そこでまずは、内部要因が原因になっているものを見極めましょう。例えば、メニューはお客様のニーズに本当に合っているのか、提供価格は妥当か、接客は十分に至っているのかといった点を見直すわけです。

こうした自省によって、不振の原因を内部に見出し改善することが、売上不振からの脱却につながるケースは少なくありません。

 

ポイント③:客層を意識したお店づくりができているか

店づくり

飲食店では、提供するメニューの美味しさや価格などのほかに、お店の雰囲気自体も集客や売上に大いに影響します。つまり、ターゲットとして想定している客層にマッチしたお店づくりができているかという点が重要になる場合があるのです。

ファミリー向け、女性向けなどメインとなるターゲットによって、インテリアや食器、照明などに気を配るのも重要ですし、ビジネス街や住宅地、学生街など、店周の特性を踏まえたうえで、客層に合わせたお店にしていくという工夫を凝らすことが大切なわけです。

ターゲットを明確に意識することで、提供メニューや価格の見直しにつなげることもできますし、競合店との差別化につなげられる場合もあるでしょう。

 

ポイント④:売上に対して固定費がかさみすぎていないか

固定費

テナントの賃料や人件費、光熱費といった固定費は、たとえ客足が伸びなくても毎月必ず支出しなければいけません。
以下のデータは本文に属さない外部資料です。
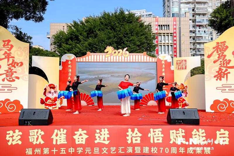 2025年12月31日,福州十五中举行70周年校庆盛典,众多校友重返母校,与在校师生共叙情谊、共贺华诞。校歌《放飞梦想守本真》合唱拉开庆典序幕,朗诵《十五中赋·薪火传》诉说校史,歌伴舞《灯火里的中国》礼赞时代,相声小品逗趣添彩,舞蹈《二十年后再相聚》寄寓期盼……丰富多元的节目将现场气氛推向高潮。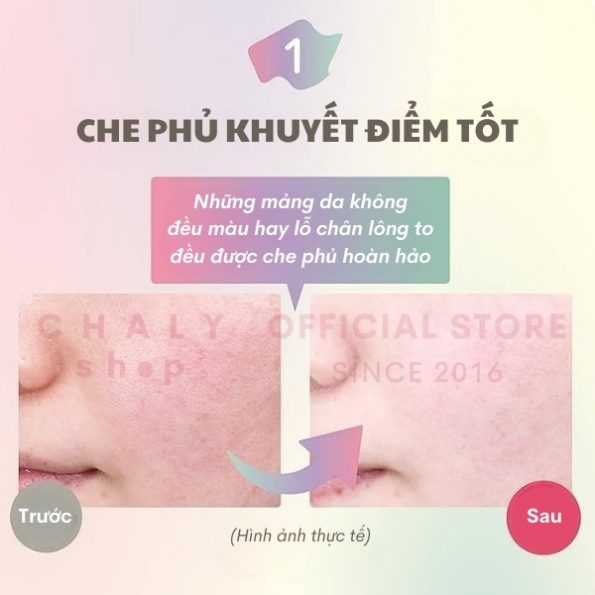 – Che phủ khuyết điểm trên da tốt, giúp làn da sáng mịn đều màu, cung cấp độ ẩm cho da, từ đó tạo lớp trang điểm mềm mịn, tự nhiên nhờ các thành phần dưỡng ẩm, làm đẹp da

この固定費がかさみすぎていると利益は低下し、経営を圧迫することにつながります。

つまり、これらの固定費はできる限り低く抑えることが経営を安定させるポイントになります。一例ですが、テナント賃料の目安は売上の10%前後を意識するといいでしょう。また、人件費は、人手が必要な営業時間帯や曜日を十分に精査して、必要な人員を必要なタイミングで配置するなどの工夫によって最適なコストを算出するようにしてみてください。

 

ポイント⑤:お店を十分にアピールできているか

PRとアピール

最後のポイントはお店のPRについて。どんなに良いメニューを提供していたとしても、どんなに経営課題を整理できていたとしても、実際の集客につなげるためにはお客様にお店のことを知ってもらうことが重要です。かといって、多額の費用をねん出して、大々的に広告を打つのはなかなか難しいもの。そこで検討したいPR・アピール施策が、お客様の知り合いにアプローチするというものと情報発信を徹底するというものです。

すでに来店してくれているお客様に家族や友人、知人を紹介してもらうといった手法は、口コミや口づてで、来店意向の高い潜在客を獲得するのに効果的です。紹介した人・された人に対して割引クーポンを発行するなどの一工夫によって成功確率を上げることもできるはずです。
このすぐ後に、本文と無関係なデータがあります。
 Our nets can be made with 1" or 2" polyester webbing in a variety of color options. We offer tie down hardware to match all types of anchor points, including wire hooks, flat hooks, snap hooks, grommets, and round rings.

また、お店のホームページやSNSなどを活用して情報発信に力を入れることも効果的です。お店の自慢のメニューやドリンクなどを積極的に発信し、見込み客にアピールしていきましょう。この場合、写真や動画などをふんだんに掲載し、料理や飲み物のシズル感を演出することでより多くの興味・関心を得ることができるはずです。